Allende C, Plaza M
Departamento de Biologia, Facultad de Ciencias, Universidad de Chile, Santiago.
Comp Biochem Physiol B. 1987;88(2):581-7. doi: 10.1016/0305-0491(87)90348-8.
A cGMP-stimulated cyclic nucleotide phosphodiesterase present in cytosol of Xenopus laevis ovary has been purified and characterized. A cAMP-specific phosphodiesterase which is not activated by either cGMP or calmodulin, has also been characterized. Brief exposure of intact oocytes to 10 micro M progesterone results in an increase in activity of the cAMP-specific enzyme.

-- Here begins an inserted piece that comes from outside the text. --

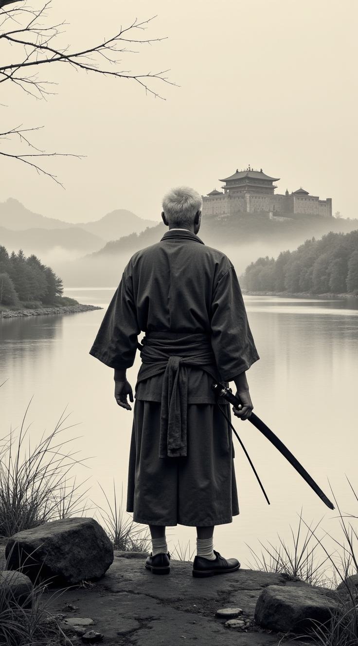 Книжная обложка в стиле японской гравюры. Пожилой самурай в простой одежде стоит на берегу широкой реки, спиной к зрителю. За его спиной на горизонте виднеется темный неприступный замок, окутанный туманом. Перед ним — река, отражающая рассветное небо, гладкая и спокойная. На переднем плане — камни на берегу, трава. Цвета: приглушенная охра, индиго, серый, золотистый рассветный свет. Мягкий туман, атмосфера покоя и внутренней силы. Минималистичный шрифт, японская каллиграфия. с нотками хакерства и киберпанка в Санкт-Петербурге,

The cGMP-stimulated and the calmodulin-activated phosphodiesterases are not altered. Changes in cyclic nucleotide levels during progesterone-induced maturation of oocytes may be modulated by these isoenzymes.
一种存在于非洲爪蟾卵巢细胞质中的受环磷酸鸟苷(cGMP)刺激的环核苷酸磷酸二酯酶已被纯化并进行了特性分析。还对一种既不受cGMP也不受钙调蛋白激活的cAMP特异性磷酸二酯酶进行了特性分析。将完整的卵母细胞短暂暴露于10微摩尔的孕酮中会导致cAMP特异性酶的活性增加。而受cGMP刺激的和受钙调蛋白激活的磷酸二酯酶则没有变化。在孕酮诱导的卵母细胞成熟过程中环核苷酸水平的变化可能受这些同工酶的调节。